Verify that the GPU is actually being used — the startup log should include:
INFO supertonic_server.engine ONNX providers: ['CUDAExecutionProvider', 'CPUExecutionProvider']
If you see ['CPUExecutionProvider'] only, the GPU isn't reachable from inside the container — re-check the nvidia-smi step above.
CLI
supertonic-server --help
--host TEXT Bind address.
--port INTEGER Bind port.
--device [auto|cpu|coreml|cuda] ONNX execution provider.
--model [supertonic|supertonic-2|supertonic-3]
--model-dir PATH Local model cache dir.
--voice TEXT Default voice (F1-F5, M1-M5).
--lang TEXT Default language code.
--speed FLOAT Default speed (0.5..2.0).
--total-steps INTEGER Diffusion steps (4..16). Lower = faster.
--intra-threads INTEGER ONNX intra-op threads.
--inter-threads INTEGER ONNX inter-op threads.
--max-concurrent INTEGER Concurrent synthesis ops.
--no-warmup Skip startup warmup.
--warmup-text TEXT Custom warmup utterance.
--no-ui Disable the built-in web console at /.
--log-level TEXT debug | info | warning | error.
--reload Auto-reload (dev only).
Every CLI flag also reads from SUPERTONIC_* environment variables (e.g. SUPERTONIC_PORT=9000).
Endpoints
POST /v1/audio/speech — OpenAI-compatible
Body:
{
"model": "supertonic-3", // any string; informational
"input": "Text to speak (up to 20k chars).",
"voice": "alloy", // see Voices below
"response_format": "mp3", // "mp3" | "wav" | "pcm"
"speed": 1.05, // 0.5..2.0
"lang": "en", // extension: 31 codes, see below
"total_steps": 8 // extension: 4..16
}
The response is HTTP/1.1 chunked transfer — audio bytes stream out as each sentence finishes synthesizing.
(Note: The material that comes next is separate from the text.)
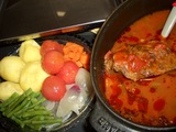 6.鍋(5.)を強火で沸かし、軽くアクを取り、弱火に落としフタをして、5-6時間ほど煮込みます。

Useful headers:
X-Sample-Rate: 44100X-Voice: F1(the actual Supertonic voice selected, after alias resolution)X-Language: enX-Audio-Encoding: pcm_s16le_44100_1ch(PCM only)
GET /v1/voices
Returns every accepted voice name (OpenAI aliases + Supertonic IDs) with the underlying Supertonic voice each one maps to.
GET /v1/models
OpenAI-style model list (returns supertonic-3 plus tts-1, tts-1-hd,
gpt-4o-mini-tts as aliases so clients that hard-code those names work).
GET /healthz
{"status":"ok","model":"supertonic-3","sample_rate":44100,"voices":[…],"languages":[…],"ws_enabled":true}
Other endpoints
WS /v1/audio/speech/stream— see WebSocket TTS.GET /metrics,GET /metrics/summary,GET /metrics/recent— see Observability.
WebSocket TTS
For voice agents pipelining LLM → TTS, the WebSocket endpoint skips per-utterance TCP/TLS setup, takes text deltas as the LLM emits them, and supports explicit cancellation for user interruptions. It's an extension — not part of the OpenAI surface — and the protocol shape mirrors ElevenLabs'.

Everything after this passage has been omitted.